◆ Goal of the exercise ◆
What is needed is the full listing written out exactly, minus the pictures.

◆ Given information ◆
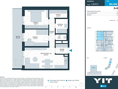 Byt 3+kk o celkové rozloze 71,8 m² je situován v 4.NP projektu KALEVALA etapy UKKO. Cena zahrnuje bytovou jednotku, sklepní kóji a DPH.
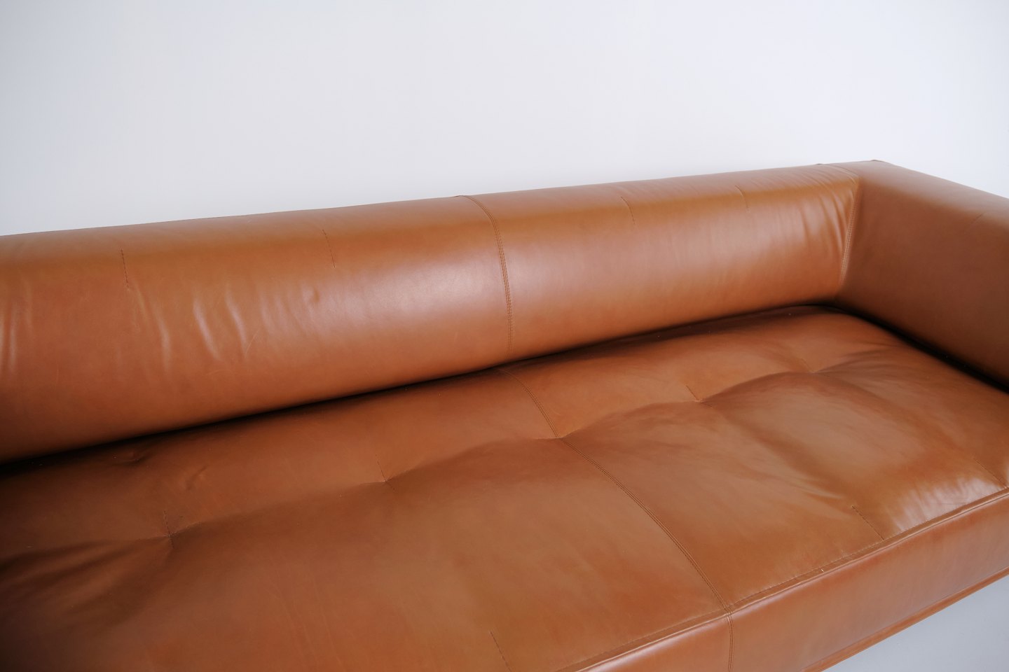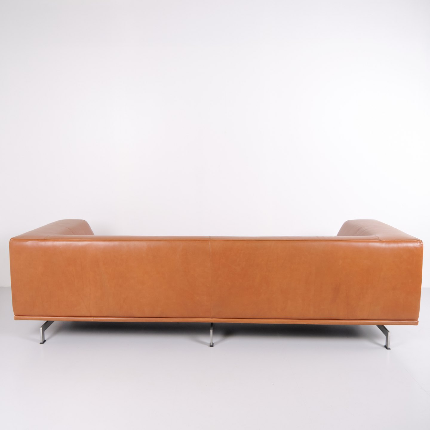 Erik Jørgensen Delphi Sofa Modell EJ 450, entworfen von Hannes Wettstein, aus Cognac-Leder mit Gestell aus gebürstetem Aluminium. Modernes skandinavisches Design.
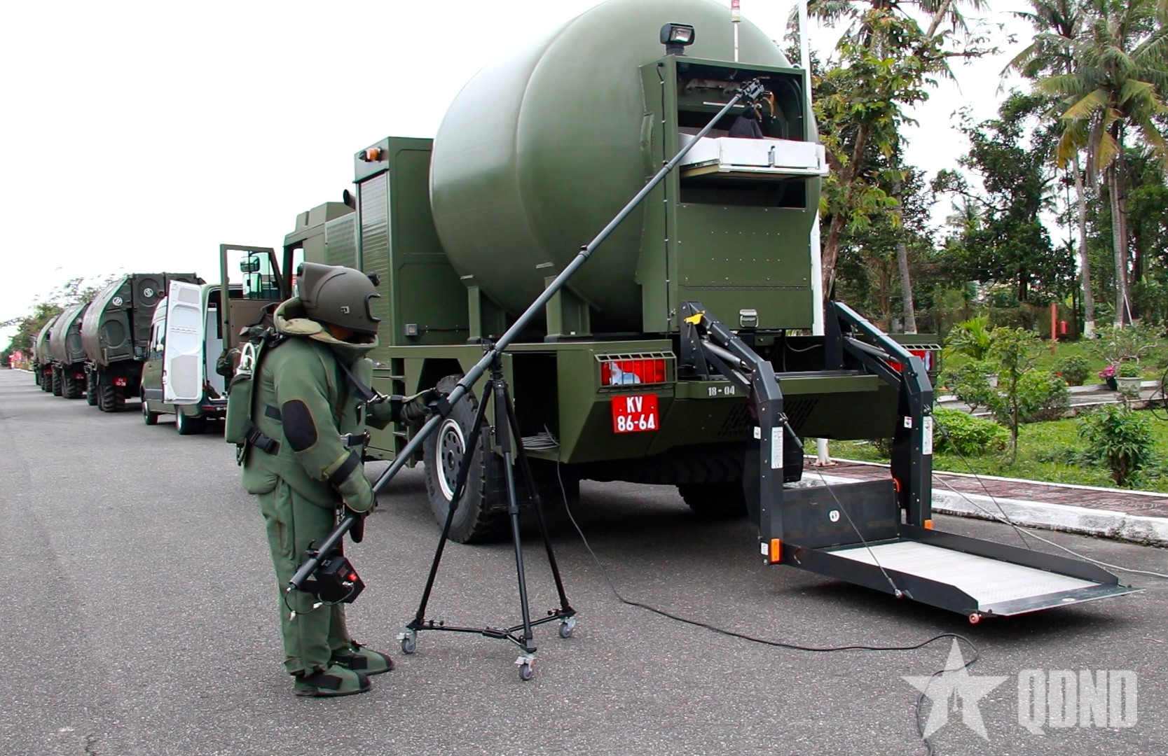 Nhiều phương tiện, khí tài đặc chủng được Lữ đoàn Công binh 270 triển khai, sẵn sàng xử lý hiệu quả tình huống.
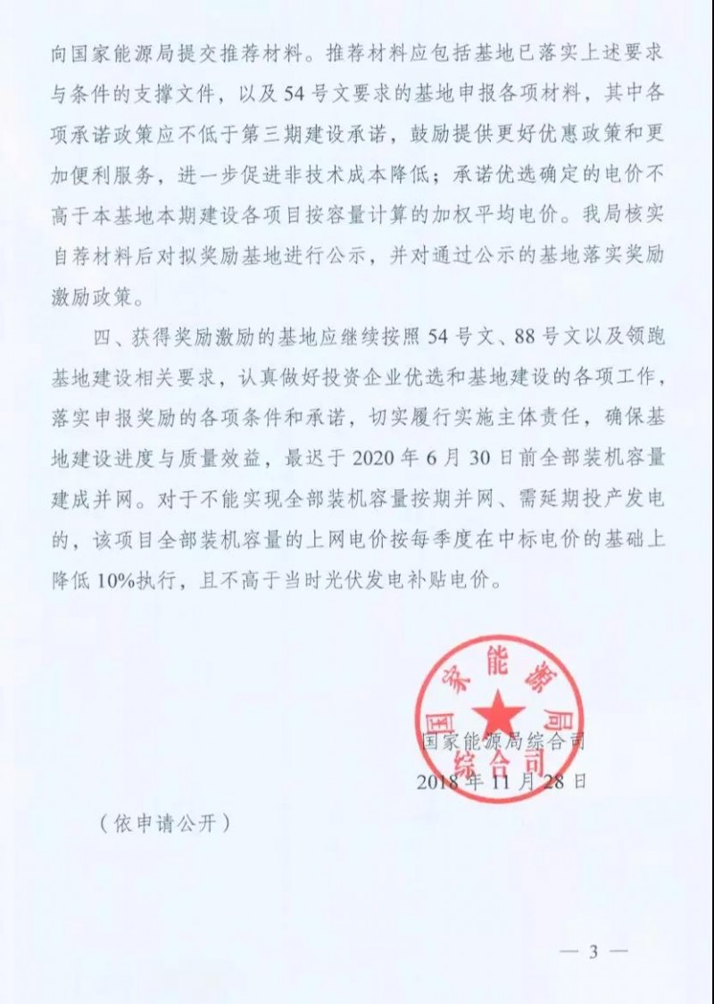 國家能源局日前已向內蒙古、山西、陜西、河北、吉林、江蘇、青海7省區下發了《關于光伏發電領跑基地獎勵激勵有關事項的通知》,通知明確了第三批領跑基地獎勵的有關事項。

◆ Response ◆
 Byt 3+kk o celkové rozloze 71,8 m² je situován v 4.NP projektu KALEVALA etapy UKKO. Cena zahrnuje bytovou jednotku, sklepní kóji a DPH.
 Erik Jørgensen Delphi Sofa Modell EJ 450, entworfen von Hannes Wettstein, aus Cognac-Leder mit Gestell aus gebürstetem Aluminium. Modernes skandinavisches Design.
 Nhiều phương tiện, khí tài đặc chủng được Lữ đoàn Công binh 270 triển khai, sẵn sàng xử lý hiệu quả tình huống.
 國家能源局日前已向內蒙古、山西、陜西、河北、吉林、江蘇、青海7省區下發了《關于光伏發電領跑基地獎勵激勵有關事項的通知》,通知明確了第三批領跑基地獎勵的有關事項。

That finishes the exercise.